Indeed, our language around motherhood is far from being inclusive. In language and in policy, we have been unable to breakdown this unfair barrier. The Maternity Bill has, in recent times, been one of the most important documents recognising the toils of motherhood — addressing challenges such as mothers’ health, workplace struggles and more. Here too, an unfair distinction is made between “biological mothers” who are entitled to receive up to 26 weeks leave, while “adoptive mothers” receive only upto 12 weeks if a child below 3 months of age is adopted.
Needless to say, this is far from adequate for parents to bond with the baby, or eke out time for rest and recovery.
Gupta shares, “Pregnant women are inundated with advice on how to take care of themselves and the baby. But after adoption there is much less help. In fact, no one understands the unique challenges of the situation.”
Undoubtedly this takes a huge toll on mothers’ mental health, especially because adoptive mothers face enormous perception challenges. The arrival of the baby in the family can be a confusing time for mothers because the challenges of integration are at odds with what is culturally expected of mothers– to feel and express unfettered joy of motherhood.
In reality, however, attachment challenges are considerably high, compounded by the stress of parenting, which can trigger feelings of guilt and shame in mothers. According to Mayo Clinic, the hormonal aspect of postpartum depression is just one of the factors, which also includes sleep deprivation, lifestyle and environment. At some point we have to reflect how external judgements and prescriptions are internalised, taking a toll on women’s mental health.
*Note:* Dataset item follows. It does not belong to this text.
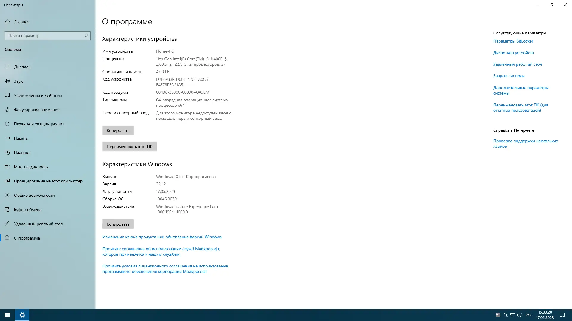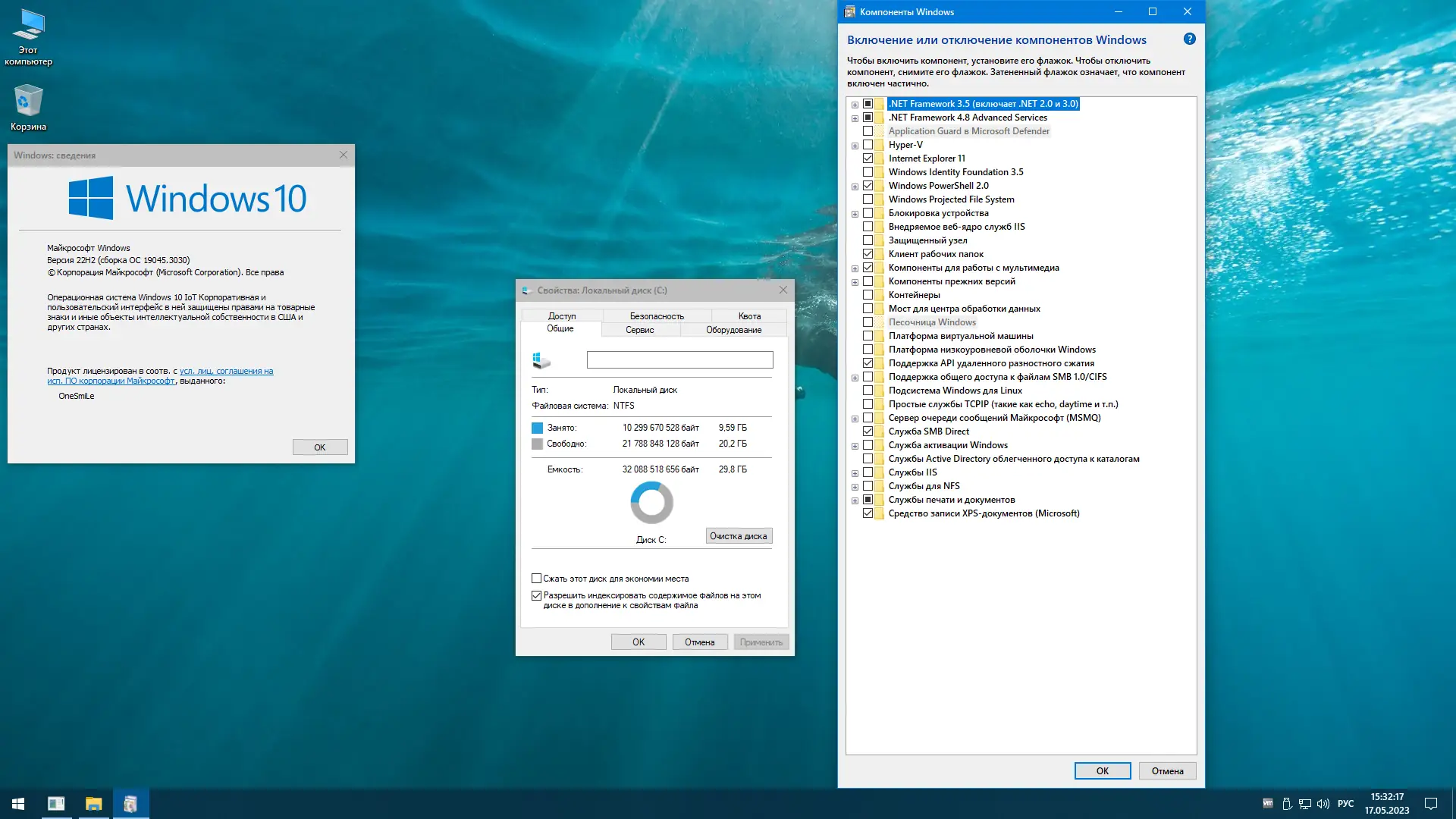 Сборка Windows 10 основана на официальном образе с обновлениями от мая 2023 года. Система оптимизирована для стабильной работы на компьютере: удалены ненужные компоненты, отключена телеметрия, настроены важные твики. Версия включает три редакции — Home, Pro и IoT Enterprise — и подходит для повседневного использования без лишних процессов в фоне.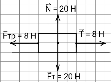 µ = $\frac{8\;Н}{20\;Н}$ = 0,4

So how can parents and women prepare for this phase of life?
Abraham says, “Eventually it does not matter how you arrive at the adoption route, but it is important to close the previous chapters and give yourself the healing period to replenish yourself emotionally, mentally, physically. You have to prepare yourself emotionally for the cultural differences with your child and be cognisant of the child’s needs once she comes into the family. Acquaint yourself with good paediatricians, parent-support groups and therapists. When in doubt, reach out to an expert.”
Pateria highlights the need to accept the child even before you get her. She also says, “It is important to bring each stakeholder in the family on the same page, identifying areas where you need help and understanding what’s affecting you. Support systems need to be created beforehand and it is important to recognise that it will be an emotionally overwhelming experience.”
For Chakrabarty, the most important thing to remember, especially for the mothers, is to always keep an eye on their own health so that they can invest properly in the child. She also recommends rigorous couple’s counselling. In dealing with judgements from people around you, Gupta says, “Love makes a family, not biology.”
The time has come to view motherhood as more than just characterised by the pain and worry that never quits. And it is definitely time to stop glorifying that pain, and to create systems to reduce it instead.
Views expressed are personal. The Health Collective cannot substitute for expert advice from a trained professional.